**Source records:**
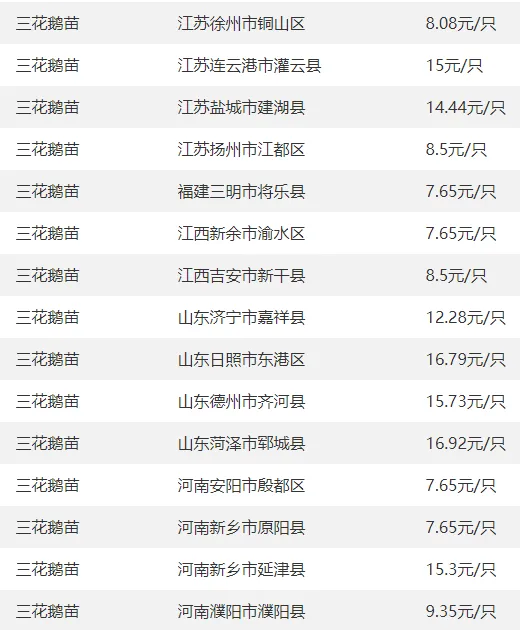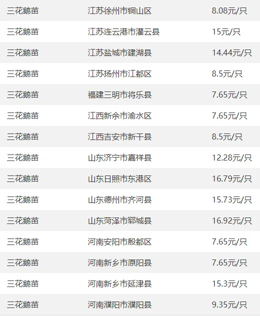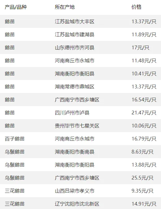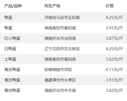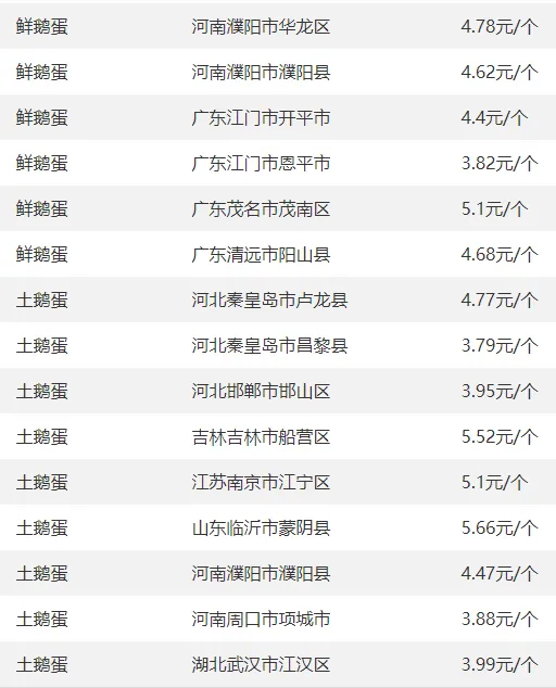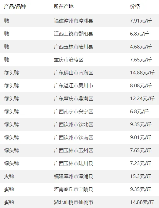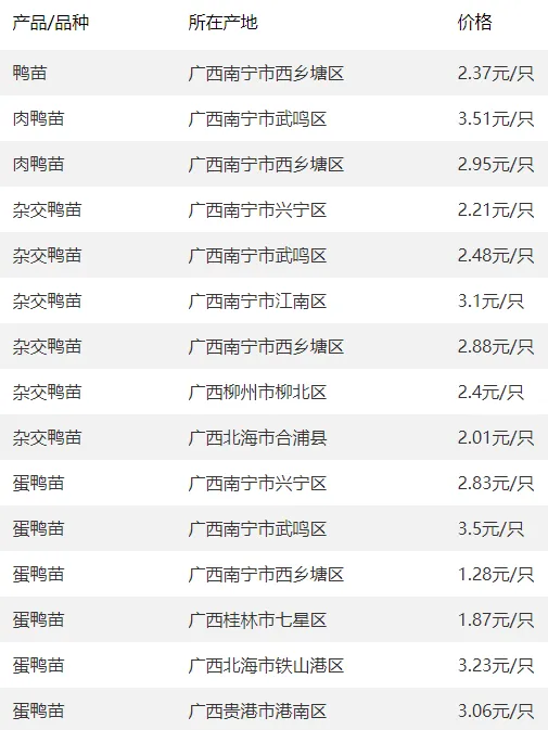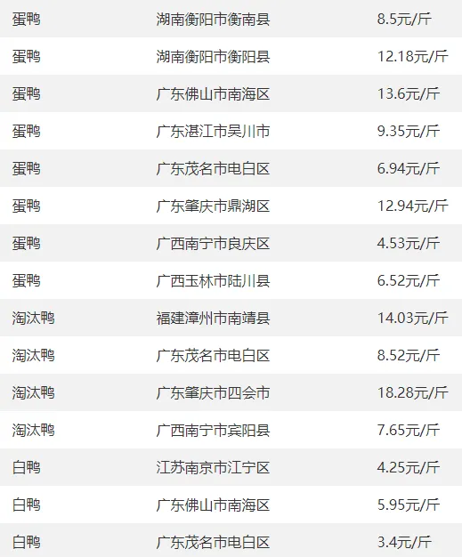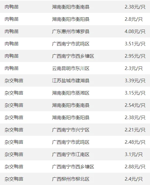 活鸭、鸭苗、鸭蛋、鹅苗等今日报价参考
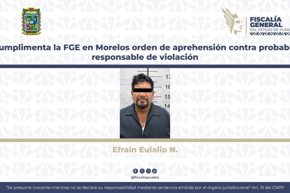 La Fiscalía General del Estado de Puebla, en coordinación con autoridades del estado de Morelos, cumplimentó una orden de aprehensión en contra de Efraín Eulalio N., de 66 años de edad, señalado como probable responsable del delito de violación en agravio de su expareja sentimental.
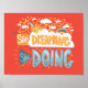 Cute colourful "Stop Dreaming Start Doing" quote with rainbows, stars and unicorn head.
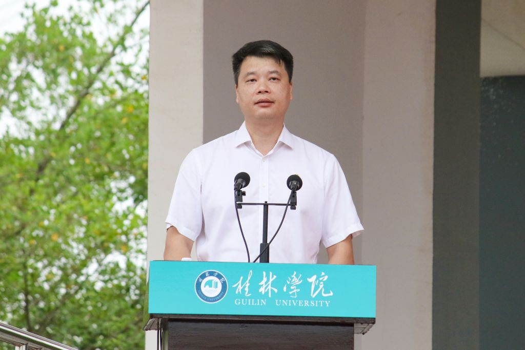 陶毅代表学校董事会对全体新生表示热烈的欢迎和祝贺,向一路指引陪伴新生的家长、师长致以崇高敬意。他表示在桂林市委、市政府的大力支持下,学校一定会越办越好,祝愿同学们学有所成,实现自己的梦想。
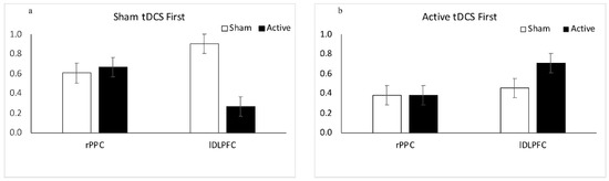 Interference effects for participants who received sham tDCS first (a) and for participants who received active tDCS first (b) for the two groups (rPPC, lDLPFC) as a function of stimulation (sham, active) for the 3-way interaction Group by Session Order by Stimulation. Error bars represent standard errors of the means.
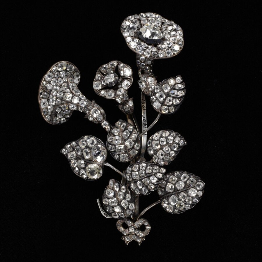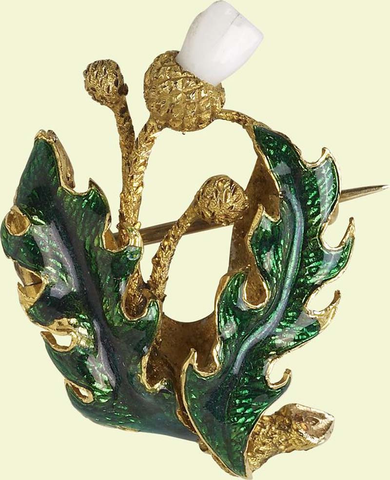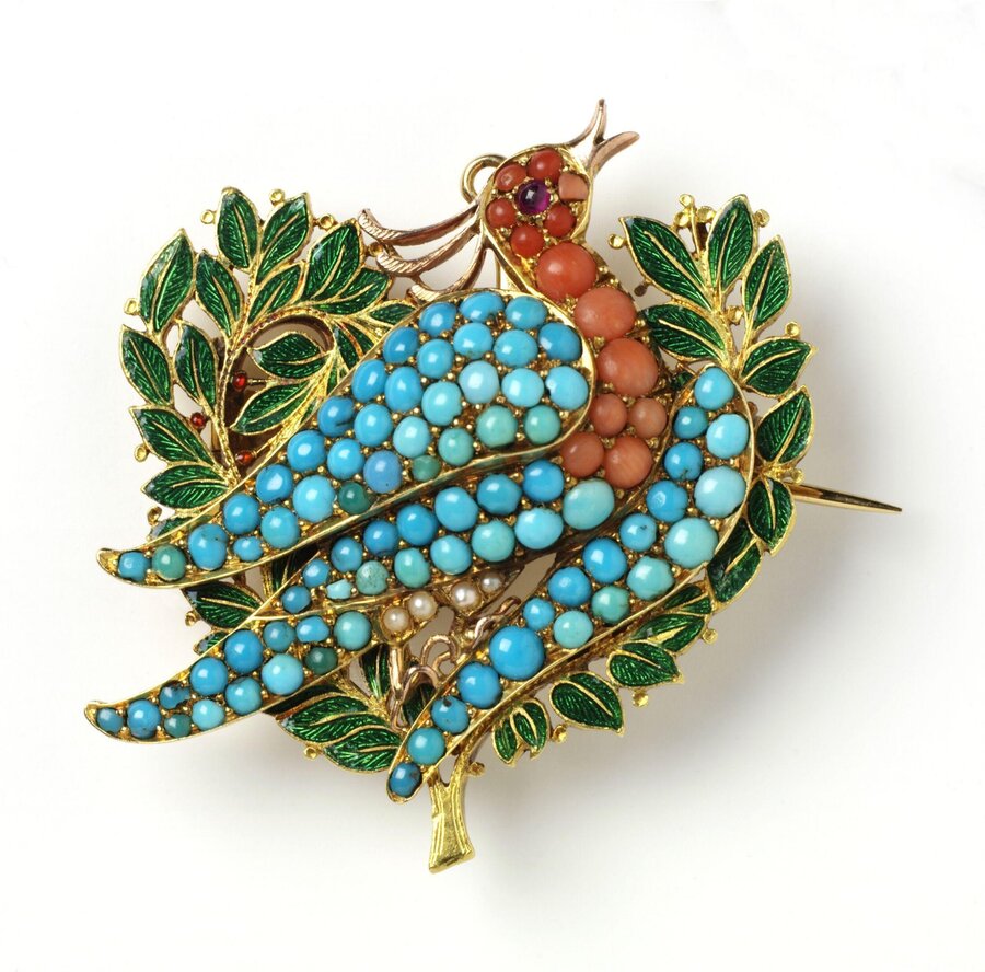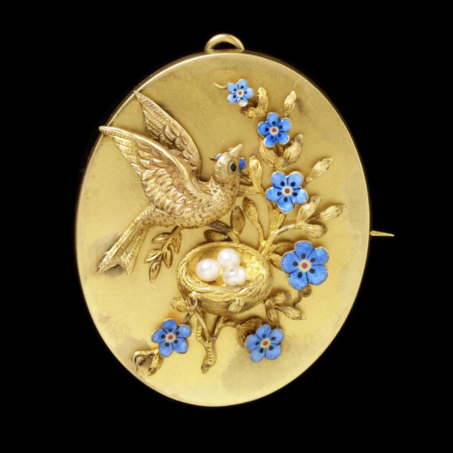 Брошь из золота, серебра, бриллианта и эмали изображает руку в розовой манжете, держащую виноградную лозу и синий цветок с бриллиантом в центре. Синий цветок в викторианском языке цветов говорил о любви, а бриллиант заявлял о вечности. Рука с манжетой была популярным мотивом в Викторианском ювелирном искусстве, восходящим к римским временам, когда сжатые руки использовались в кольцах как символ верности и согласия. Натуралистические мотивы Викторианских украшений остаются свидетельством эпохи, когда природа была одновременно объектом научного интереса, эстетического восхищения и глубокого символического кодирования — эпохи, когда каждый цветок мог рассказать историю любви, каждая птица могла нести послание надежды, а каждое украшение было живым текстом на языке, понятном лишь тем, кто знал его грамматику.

**GOAL OF THE EXERCISE:**
Repeat the records above exactly, from the first line through the line containing "La Fiscalía General", and leave out the pictures.

**RESPONSE AREA:**
 活鸭、鸭苗、鸭蛋、鹅苗等今日报价参考
 La Fiscalía General del Estado de Puebla, en coordinación con autoridades del estado de Morelos, cumplimentó una orden de aprehensión en contra de Efraín Eulalio N., de 66 años de edad, señalado como probable responsable del delito de violación en agravio de su expareja sentimental.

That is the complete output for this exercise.